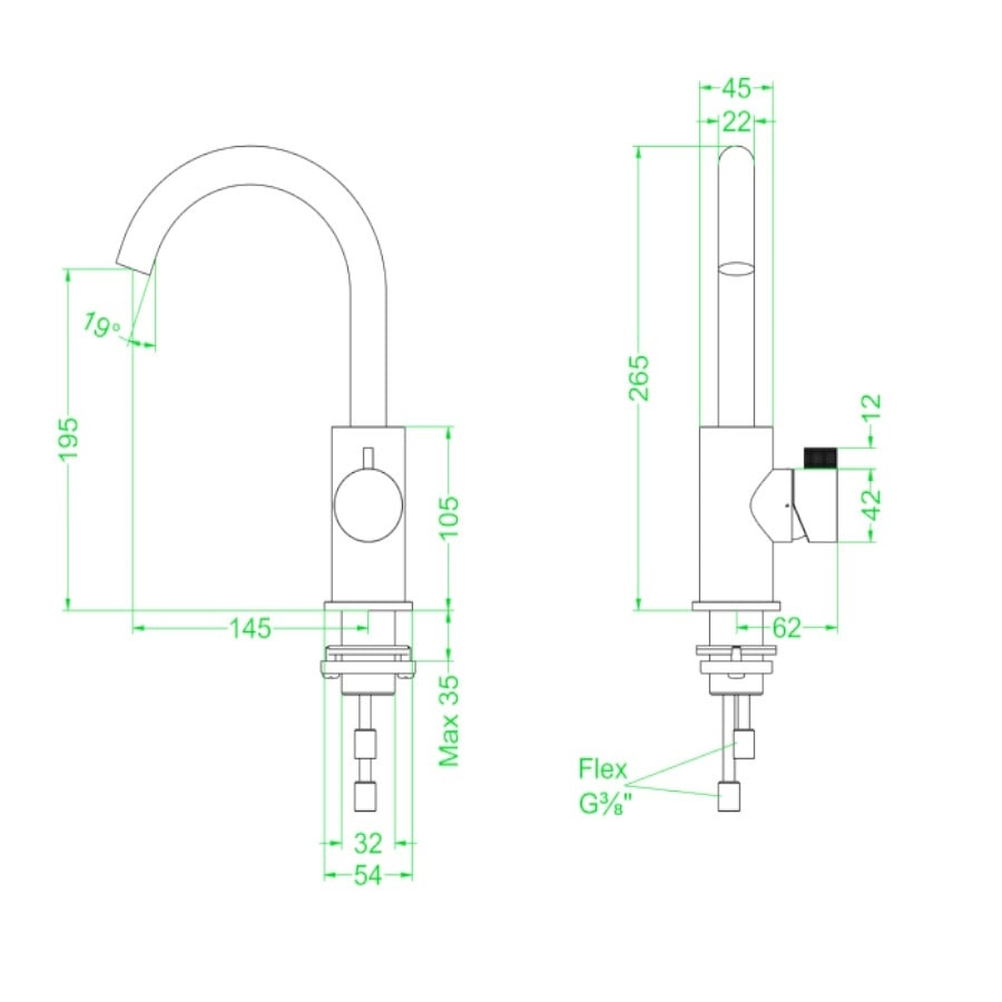 De wastafelkraan heeft een hoogte van 26,5 cm, heeft een hoogte uitloop 19,5 cm, heeft een diepte uitloop 14,5 cm, heeft draadaansluiting van (inch) 3/8 en is een mengkraan met een draaibare uitloop.
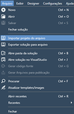 1. Abra o menu Arquivo e clique em "Importar projeto do arquivo";
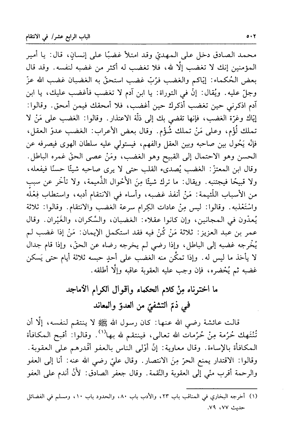 في ذم التشفي من العدو والمعاند قالت عائشة رضي الله عنها كان رسول الله صلى الله عليه وسلم لا ينتقم لنفسه إلا أن تنتهك حرمة من حرمات الله تعالى فينتقم لله بها وقالوا أقبح المكافأة المكافأة بالاساءة وقال معاوية إن أولى الناس بالعفو أقدرهم على العقوبة وقالوا الاقتدار يمنع الحر من الانتصار وقال علي رضي الله عنه أنا إلى العفو والرحمة أقرب مني إلى العقوبة والنقمة وقال جعفر الصادق لان أندم على العفو
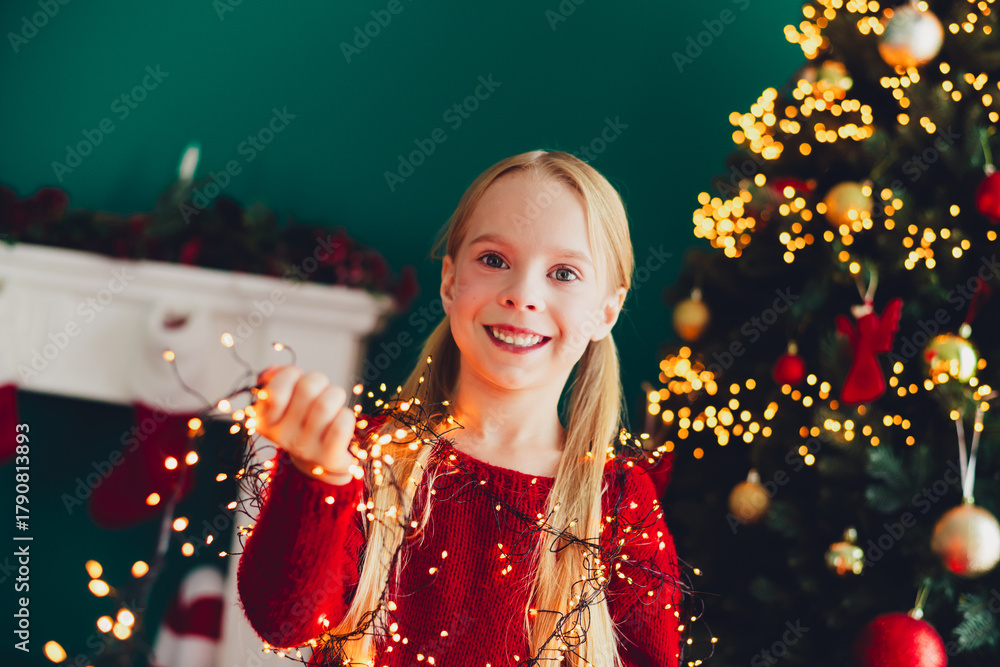 Cheerful girl twirls string lights in a cozy home Christmas scene with a lit tree and joyful holiday magic
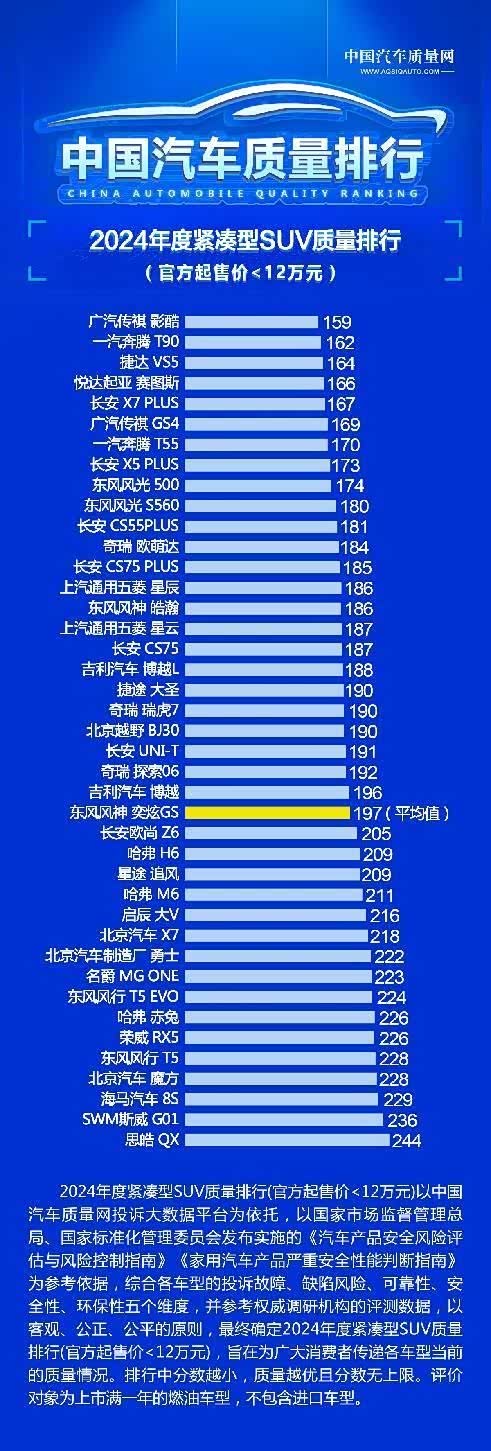根据中国汽车质量网上的信息显示,排行中分数越小,质量越优,平均值之上的车型主要为车身和电气设计方面的问题,包括车身部分锈蚀、座椅调节功能故障、车机卡顿、空调制冷效果差等问题。
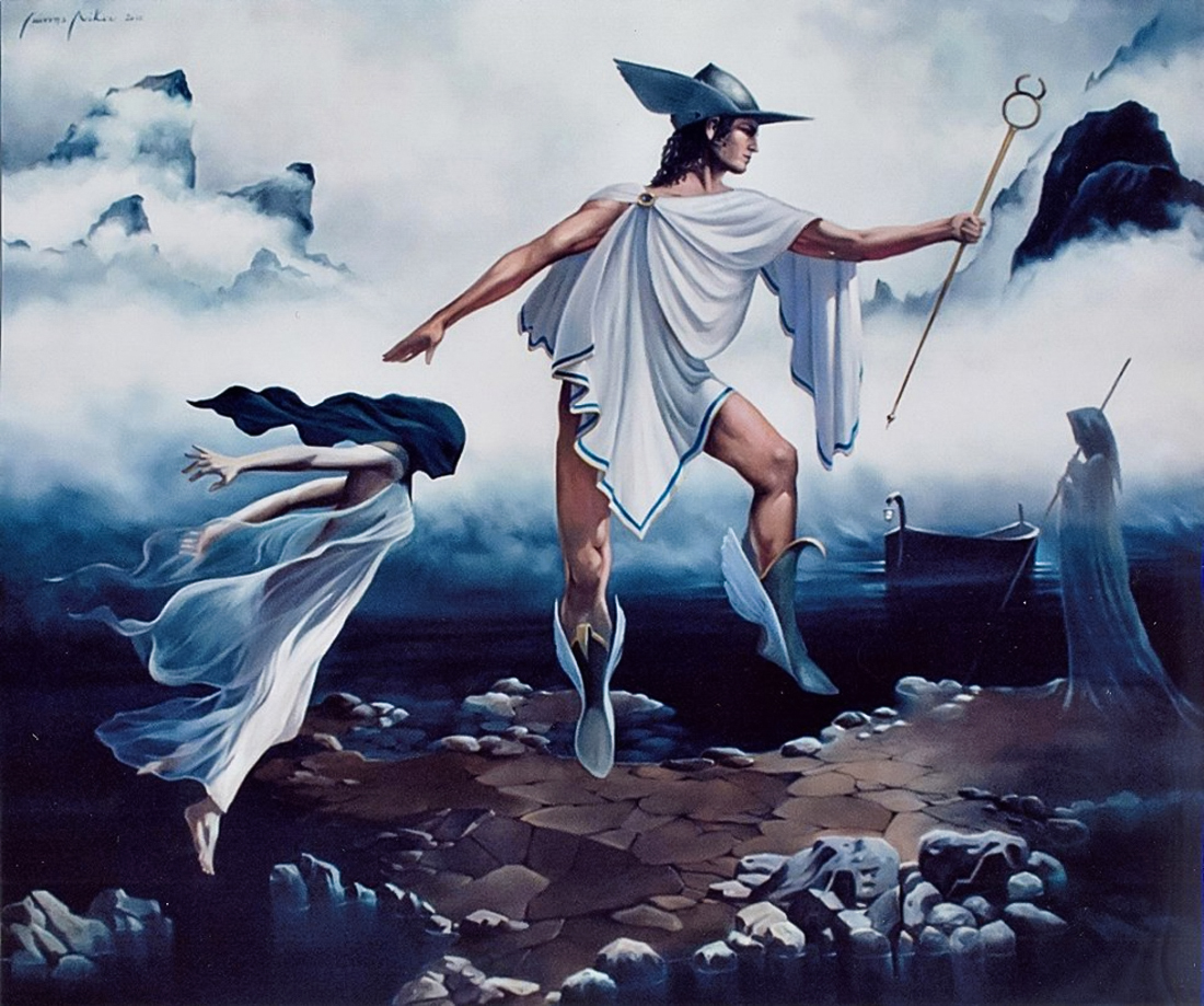 Ὁ θεὸς Ἑρμῆς Ψυχοπομπός. Πίνακας τοῦ σύγχρονου ζωγράφου Γιάννη Νίκου. @
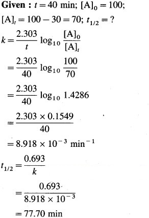 A first order reaction takes 40 minutes for 30% decomposition. Calculate its half life. (77.66 min)
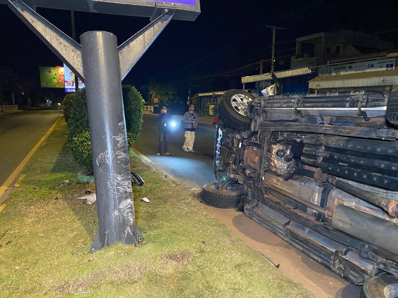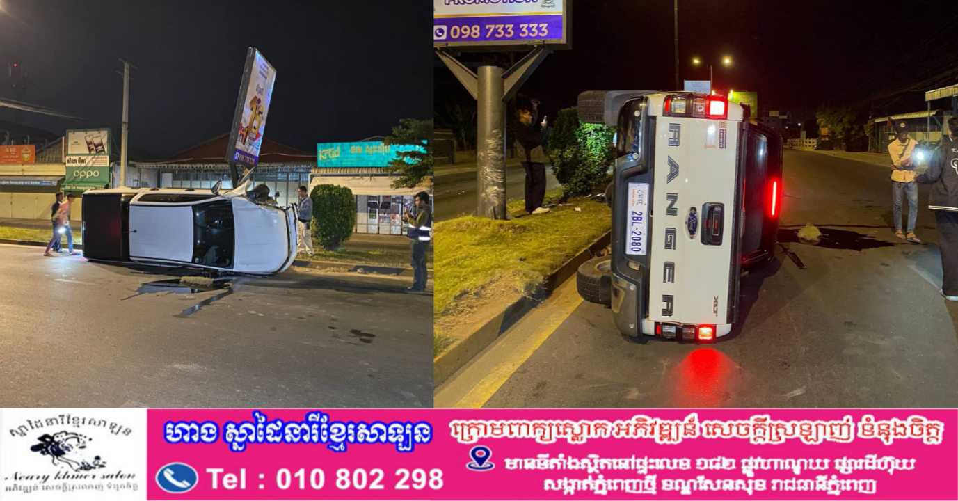 រថយន្តម៉ាកFORD RANGER មួយគ្រឿងបេីកឡើងសួនផ្លូវទៅបុកបង្គោលស្លាកប៉ាណូក្រឡាប់ផ្ងារជើង
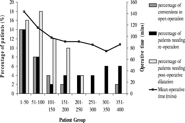 Many studies have looked at the learning curve associated with laparoscopic Nissen fundoplication (LNF) in a given institution. This study looks at the learning curve of a single surgeon with a large cohort of patients over a 10-year period. Prospective data were collected on 400 patients undergoing laparoscopic fundoplication for over 10 years. The patients were grouped consecutively into cohorts of 50 patients. The operating time, the length of postoperative hospital stay, the conversion rate to open operation, the postoperative dilatation rate, and the reoperation rate were analyzed. Results showed that the mean length of operative time decreased from 143 min in the first 50 patients to 86 min in the last 50 patients. The mean postoperative length of hospital stay decreased from 3.7 days initially to 1.2 days latterly. There was a 14% conversion to open operation rate in the first cohort compared with a 2% rate in the last cohort. Fourteen percent of patients required reoperation in the first cohort and 6% in the last cohort. Sixteen percent required postoperative dilatation in the first cohort. None of the last 150 patients required dilatation. In conclusion, laparoscopic fundoplication is a safe and effective operation for patients with gastroesophageal reflux disease. New techniques and better instrumentation were introduced in the early era of LNF. The learning curve, however, continues well beyond the first 20 patients.
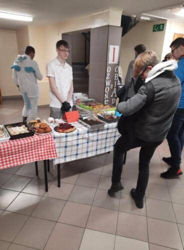 16 listopada w naszej szkole aromat domowych wypieków rozchodził się po szkolnych korytarzach. Pączki, babeczki, rogaliki oraz inne słodkości zachęciły nie tylko wszystkich uczniów do ich zakupu, ale także nauczycieli. Ilość ciast oraz zaangażowanie uczniów przerosła najśmielsze oczekiwania. Fundusze zebrane podczas kiermaszu zostaną przekazane do Fundacji ,,Być bardziej”, która przeznaczy je na wykupienie kolejnych obiadów dla uczniów z całej Polski. Był to bardzo wesoły i przyjemny dzień dla uczniów, ale jakże pracowity dla wolontariuszy Szkolnego Koła Wolontariatu.
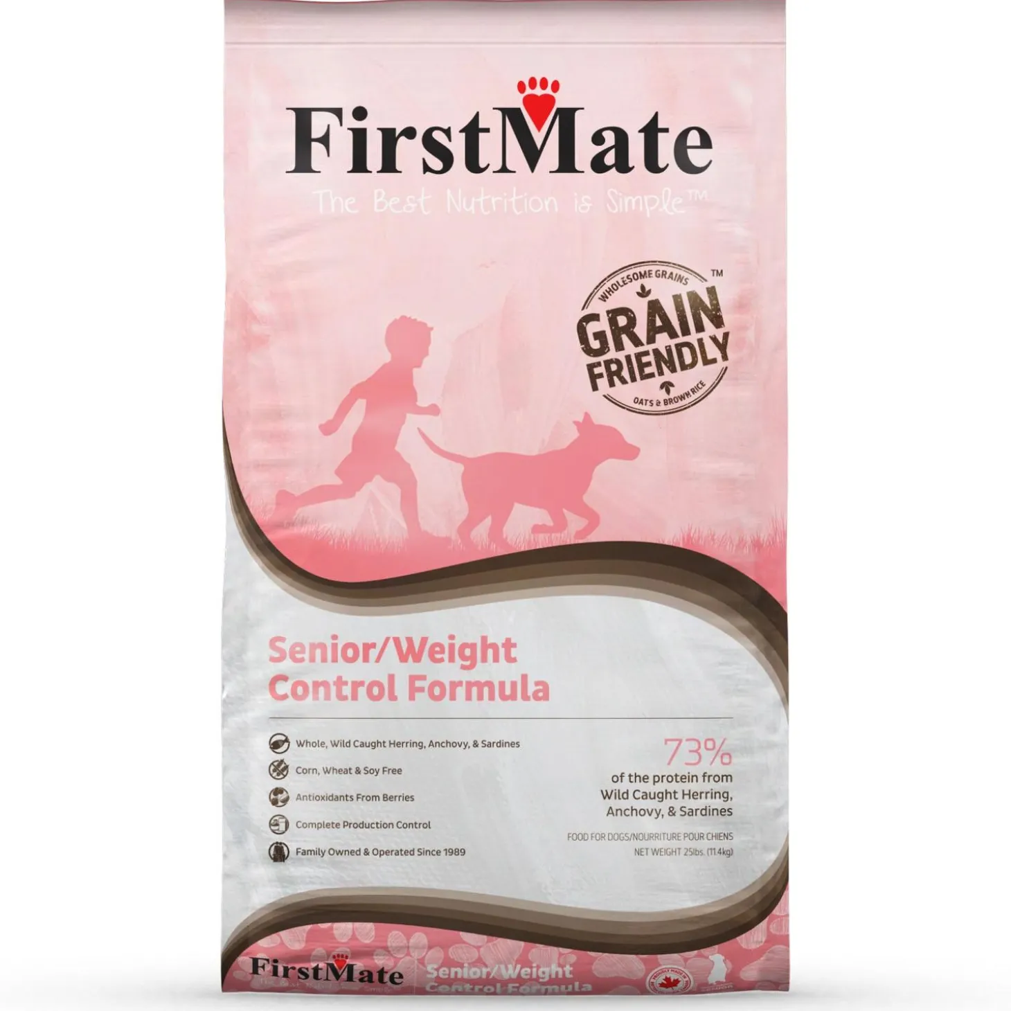 First Mate Weight Control Grain Friendly Formula Senior Dog Food is low in fat and contains wholesome, digestible grains, ideal for dogs with special needs. This grain friendly formula uses Wild Caught Herring, Anchovy, and Sardines as a healthy source of protein.
================================
● PROBLEM DESCRIPTION: Print all the material above exactly, and drop the images.

● WRITTEN SOLUTION:
 De wastafelkraan heeft een hoogte van 26,5 cm, heeft een hoogte uitloop 19,5 cm, heeft een diepte uitloop 14,5 cm, heeft draadaansluiting van (inch) 3/8 en is een mengkraan met een draaibare uitloop.
 1. Abra o menu Arquivo e clique em "Importar projeto do arquivo";
 في ذم التشفي من العدو والمعاند قالت عائشة رضي الله عنها كان رسول الله صلى الله عليه وسلم لا ينتقم لنفسه إلا أن تنتهك حرمة من حرمات الله تعالى فينتقم لله بها وقالوا أقبح المكافأة المكافأة بالاساءة وقال معاوية إن أولى الناس بالعفو أقدرهم على العقوبة وقالوا الاقتدار يمنع الحر من الانتصار وقال علي رضي الله عنه أنا إلى العفو والرحمة أقرب مني إلى العقوبة والنقمة وقال جعفر الصادق لان أندم على العفو
 Cheerful girl twirls string lights in a cozy home Christmas scene with a lit tree and joyful holiday magic
根据中国汽车质量网上的信息显示,排行中分数越小,质量越优,平均值之上的车型主要为车身和电气设计方面的问题,包括车身部分锈蚀、座椅调节功能故障、车机卡顿、空调制冷效果差等问题。
 Ὁ θεὸς Ἑρμῆς Ψυχοπομπός. Πίνακας τοῦ σύγχρονου ζωγράφου Γιάννη Νίκου. @
 A first order reaction takes 40 minutes for 30% decomposition. Calculate its half life. (77.66 min)
 រថយន្តម៉ាកFORD RANGER មួយគ្រឿងបេីកឡើងសួនផ្លូវទៅបុកបង្គោលស្លាកប៉ាណូក្រឡាប់ផ្ងារជើង
 Many studies have looked at the learning curve associated with laparoscopic Nissen fundoplication (LNF) in a given institution. This study looks at the learning curve of a single surgeon with a large cohort of patients over a 10-year period. Prospective data were collected on 400 patients undergoing laparoscopic fundoplication for over 10 years. The patients were grouped consecutively into cohorts of 50 patients. The operating time, the length of postoperative hospital stay, the conversion rate to open operation, the postoperative dilatation rate, and the reoperation rate were analyzed. Results showed that the mean length of operative time decreased from 143 min in the first 50 patients to 86 min in the last 50 patients. The mean postoperative length of hospital stay decreased from 3.7 days initially to 1.2 days latterly. There was a 14% conversion to open operation rate in the first cohort compared with a 2% rate in the last cohort. Fourteen percent of patients required reoperation in the first cohort and 6% in the last cohort. Sixteen percent required postoperative dilatation in the first cohort. None of the last 150 patients required dilatation. In conclusion, laparoscopic fundoplication is a safe and effective operation for patients with gastroesophageal reflux disease. New techniques and better instrumentation were introduced in the early era of LNF. The learning curve, however, continues well beyond the first 20 patients.
 16 listopada w naszej szkole aromat domowych wypieków rozchodził się po szkolnych korytarzach. Pączki, babeczki, rogaliki oraz inne słodkości zachęciły nie tylko wszystkich uczniów do ich zakupu, ale także nauczycieli. Ilość ciast oraz zaangażowanie uczniów przerosła najśmielsze oczekiwania. Fundusze zebrane podczas kiermaszu zostaną przekazane do Fundacji ,,Być bardziej”, która przeznaczy je na wykupienie kolejnych obiadów dla uczniów z całej Polski. Był to bardzo wesoły i przyjemny dzień dla uczniów, ale jakże pracowity dla wolontariuszy Szkolnego Koła Wolontariatu.
 First Mate Weight Control Grain Friendly Formula Senior Dog Food is low in fat and contains wholesome, digestible grains, ideal for dogs with special needs. This grain friendly formula uses Wild Caught Herring, Anchovy, and Sardines as a healthy source of protein.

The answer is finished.